Tire Comprising a Block With a Tilted Side Wall

Abstract

Tire made of rubbery material comprising a tread (1) of width W that is delimited by at least one edge (3). The tread comprises a plurality of blocks (5), each block being delimited by at least one lateral wall (7) that extends mainly in an axial direction Y in the direction of the edge (3). The lateral wall (7) has a length L in this axial direction Y, where L is greater than 35% of the width W of the tread. The lateral wall also exhibits an inclination angle (a) with respect to a radial direction (Z), said inclination angle (a) evolving in the axial direction Y, this evolution being continuous.

Description

FIELD OF THE INVENTION

The present invention relates to a tire for a motor vehicle, comprising a tread comprising at least one block, this block having at least one inclined lateral wall.

PRIOR ART

The document U.S. Pat. No. 4,884,607 discloses a tire comprising a tread, this tread being provided with a plurality of rubber blocks. The rubber blocks are organized in the tread such that this tread is referred to as directional. The rubber blocks are also organized so as to form, in the tread, circumferential grooves and generally transverse grooves. The transverse grooves notably have the role of evacuating water from the tread when the tire is rolling on a wet road surface. In order to improve this evacuation of water, the document U.S. Pat. No. 4,884,607 specifies that the cross sections of the transverse grooves widen in the direction of the edges of the tread. This widening is notably rendered possible by the inclination of the lateral walls of the blocks that delimit the grooves (see FIG. 2A, FIG. 2B and FIG. 2C of the document U.S. Pat. No. 4,884,607). Specifically, for a given transverse groove, each block lateral wall delimiting this groove has its own inclination angle. The inclination of the lateral walls of the blocks decreases away from the centre of the tread so as to increase the cross sections of the transverse grooves.

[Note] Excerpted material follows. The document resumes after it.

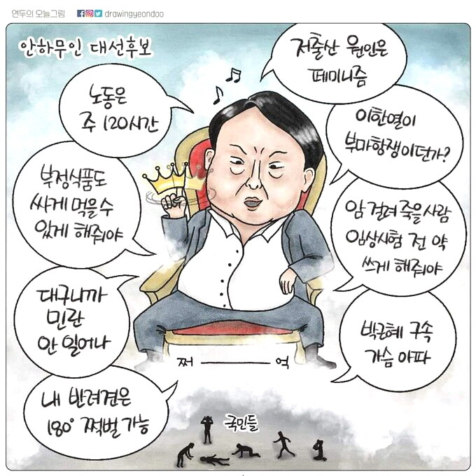 윤석열 예비후보는 기존 망언을 새로운 망언으로 덮고 있습니다. 새로운 이슈로 기존 잘못을 덮는 특수부 검사 방식인 것 같습니다. 주 120시간 노동발언, 부정식품 발언도 모자라서 “후쿠시마 원전은 방사능 유출이 안 됐다”라는 망언을 했습니다. 이런 주장은 올림픽을 통해 후쿠시마 부흥을 기원하는 일본 조차도 하지 않는 주장입니다. 일본 극우도 어리둥절할 일입니다.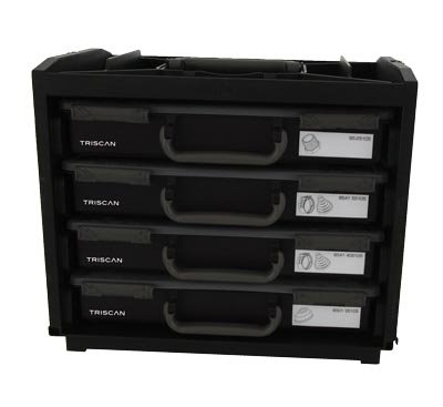 Im Deckel des Sortimentskastens befinden sich Informationen über die Position der Ablassschrauben in dem Kasten, Dimensionen, Gewinde, Montagewerkzeug, Querverweise und Artikelnummer für das Wiederbestellen loser Ablassschrauben. Die Ausnahme hierzu ist die Plastikablassschraube mit der Triscan Nummer 9500 0929, die in 5-teiligen Tüten nachbestellt werden kann.

However, such an arrangement of rubber blocks, having different inclination angles as a function of the distance with respect to the centre of the tread, appears to contribute towards the development of a non-uniform wear profile on this tread during rolling. Notably, it has been found that the wear to the blocks close to the edge regions of the tread is greater notably when the tire is mounted on a directional axle. Similarly, it has been found that the wear to the blocks close to the centre of the tread is greater notably when the tire is mounted on a driven axle.

Therefore, there is a need to improve the wear profile of a tread of a tire, while maintaining a high grip capacity of this tread on a wet road surface.

Definitions

A “tire” means all types of resilient tread, whether or not it is subjected to an internal pressure.

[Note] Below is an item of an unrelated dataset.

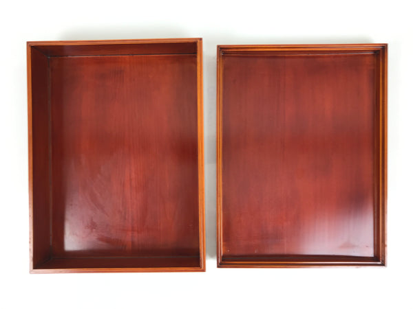 This is a Japanese lacquered wooden letter box (fumibako). It is traditionally used to store letters, small books, important documents, paper, and other stationary items.

The “tread” of a tire means a quantity of rubbery material delimited by lateral surfaces and by two main surfaces, one of which is intended to come into contact with a road surface when the tire is being driven on.

The “edge” of the tread means one of the lateral surfaces delimiting the tread.

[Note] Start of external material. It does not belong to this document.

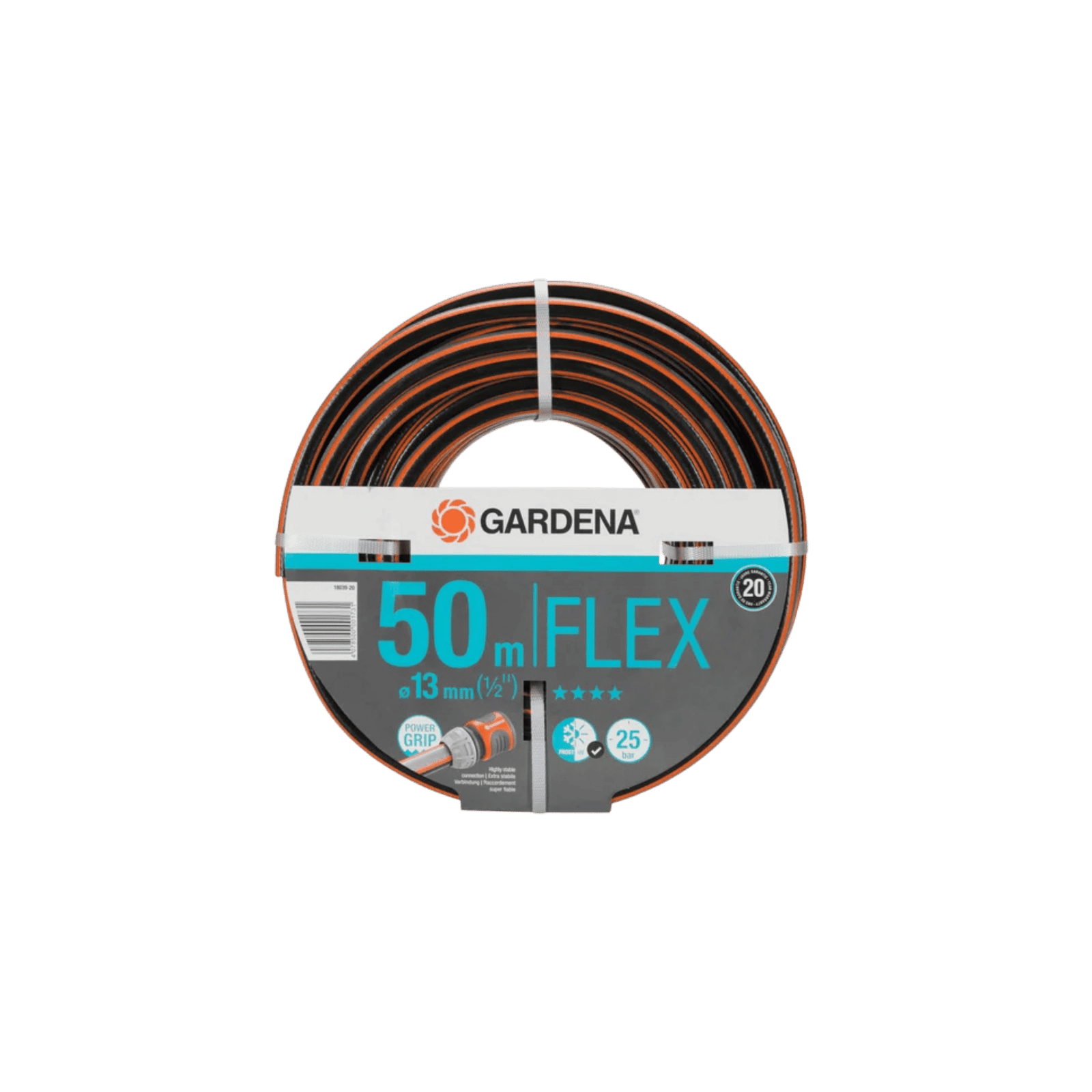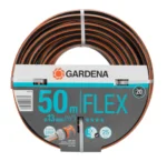 The GARDENA Comfort FLEX hose has a length of 50 m and a diameter of 13 mm (1/2″). It is ideal for reliable watering of plants in the garden. The hose retains its shape and remains flexible, while its high-quality construction virtually prevents twisting and kinking. The Power Grip profile ensures a secure hose connection and optimal grip with connectors or drainage elements. Resistance to ultraviolet radiation and frost makes it suitable for outdoor use all year round. Its thick walls ensure long service life and withstand burst pressure of up to 25 bar. Made in Germany.

The “width W of the tread” means the distance between the two edges flanking the tread. This distance is defined by the ETRTO standard. It is thus equal to +/−10% of a nominal width Wnom, where Wnom is equal to (1.075-0.005ar)*S^1.001, where ar is the nominal aspect ratio expressed in base 100 and s is the theoretical section width on the measuring rim expressed in mm.

A “block of a tread” means a raised element delimited by recesses or grooves and comprising lateral walls and a contact face, the latter being intended to come into contact with a road surface during rolling.

A “directional tread pattern” means a tread pattern in which the blocks are specifically arranged to optimize the behavioural characteristics as a function of a predetermined sense of rotation. This sense of rotation is conventionally indicated by an arrow on the sidewall of the tire. In such an architecture, the edges of the blocks which face in the sense of the rolling direction are denoted by the term “leading edges”, while the edges of the blocks which face away from the rolling direction are denoted by the term “trailing edges”.

A “continuous evolution” of the inclination angle of a lateral wall means that the inclination angle is a function of a distance measured from the centre of the tread. The function used is continuous. This function may be, for example, a polynomial, exponential or Gaussian function.

A “sipe” means a cutout in which the distance between the walls of material is appropriate to allow the opposite walls delimiting said sipe to come into at least partial contact when in the contact patch in which the tire is in contact with the ground. This distance for a sipe is in this case at most equal to 2 millimetres (mm).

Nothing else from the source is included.